▶ **THE DATA**:
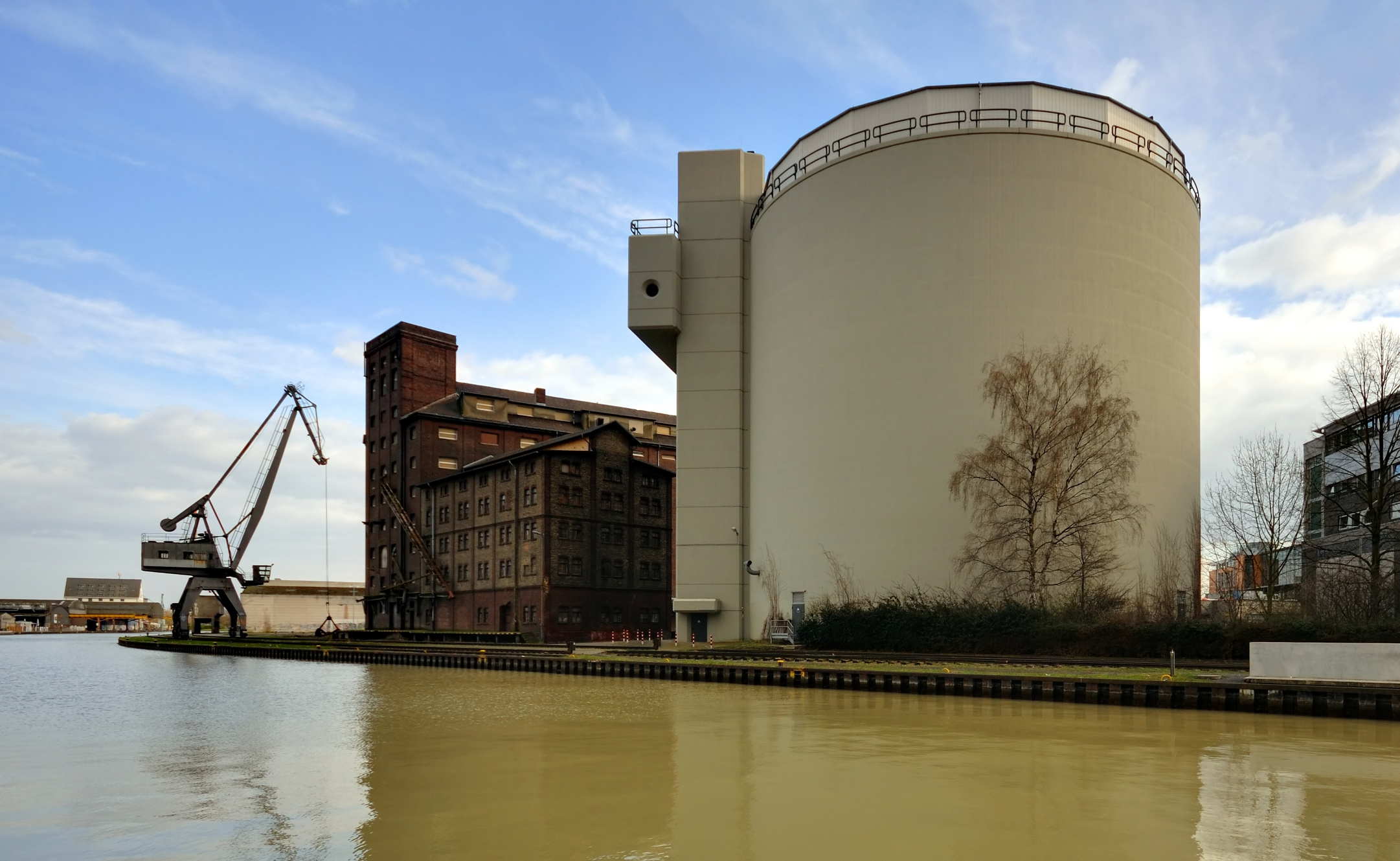 Münster: harbour, right side district heat storage of the public services
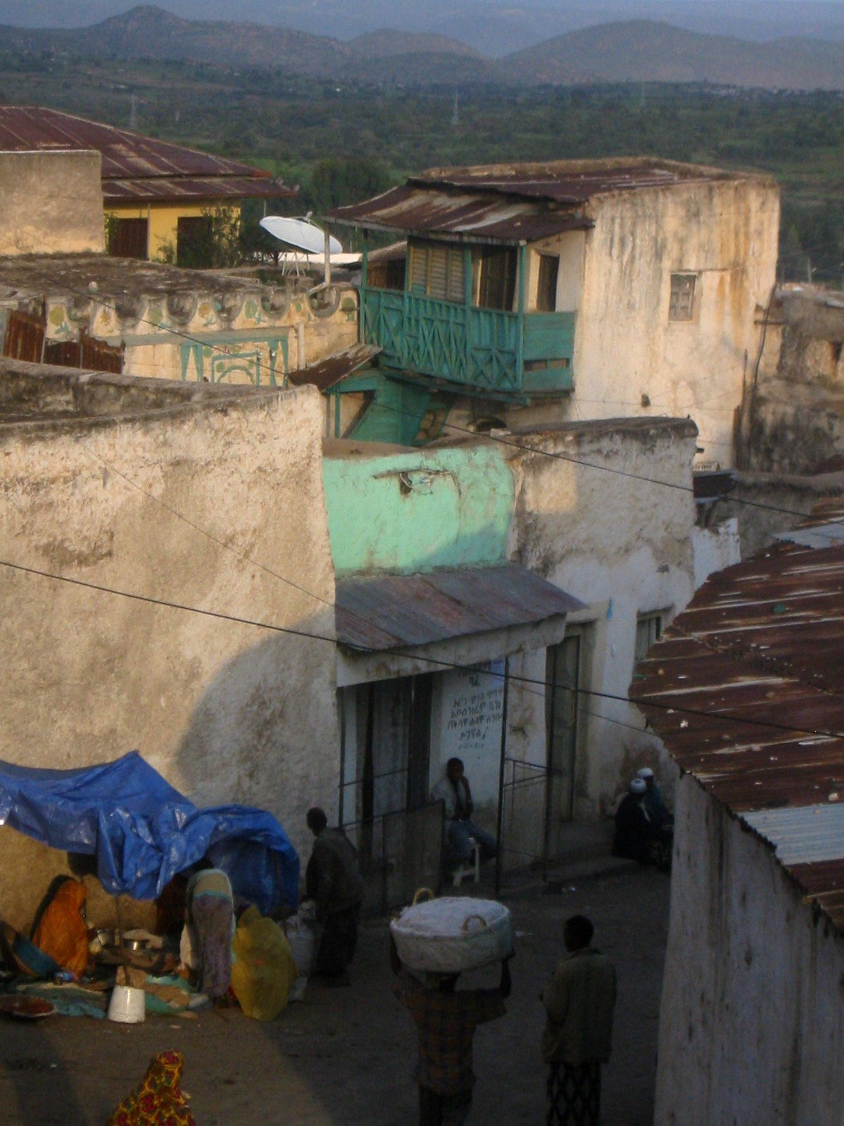 Note how the old city of Harar (Ethiopia) abrubtly ends with green fields starting immediately after its walls (at least at its east side). For centuries, until about 1860, it was an independent city at the borders of two different worlds: the Abbysinian mountains and the deserts stretching to the Red Sea coast. Trade and religious affairs (Muslim) must have alternated primacy during its history. As a holy city to Islam it feels as a surprisingly relaxed place. Tom Waits can not imagine the kind of dark yet exalted bars you find here at night. The size of the walled old city is at least half that of Jerusalem's old city.
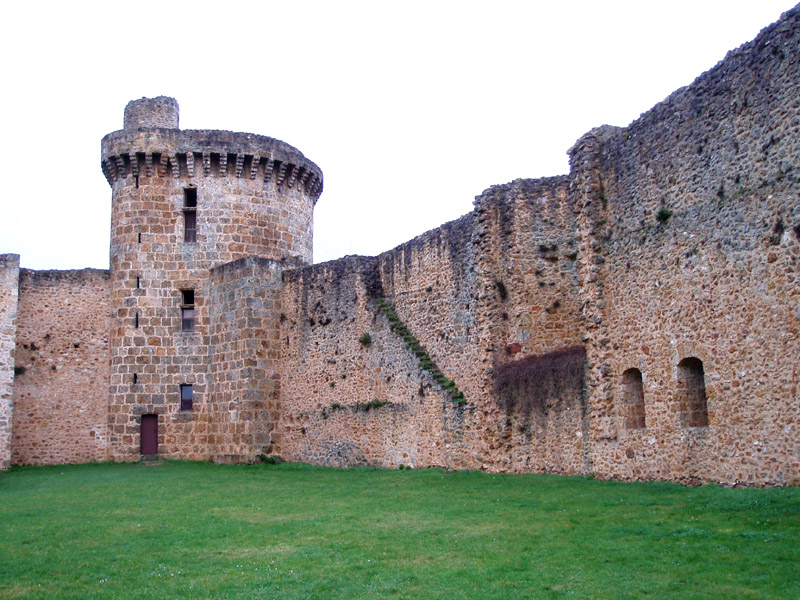 Chevreuse: The Château de le Madeleine, Tower or the Guard

▶ **TRY IT**: Output the listing exactly, without images.

▶ **ANSWER SECTION**:
 Münster: harbour, right side district heat storage of the public services
 Note how the old city of Harar (Ethiopia) abrubtly ends with green fields starting immediately after its walls (at least at its east side). For centuries, until about 1860, it was an independent city at the borders of two different worlds: the Abbysinian mountains and the deserts stretching to the Red Sea coast. Trade and religious affairs (Muslim) must have alternated primacy during its history. As a holy city to Islam it feels as a surprisingly relaxed place. Tom Waits can not imagine the kind of dark yet exalted bars you find here at night. The size of the walled old city is at least half that of Jerusalem's old city.
 Chevreuse: The Château de le Madeleine, Tower or the Guard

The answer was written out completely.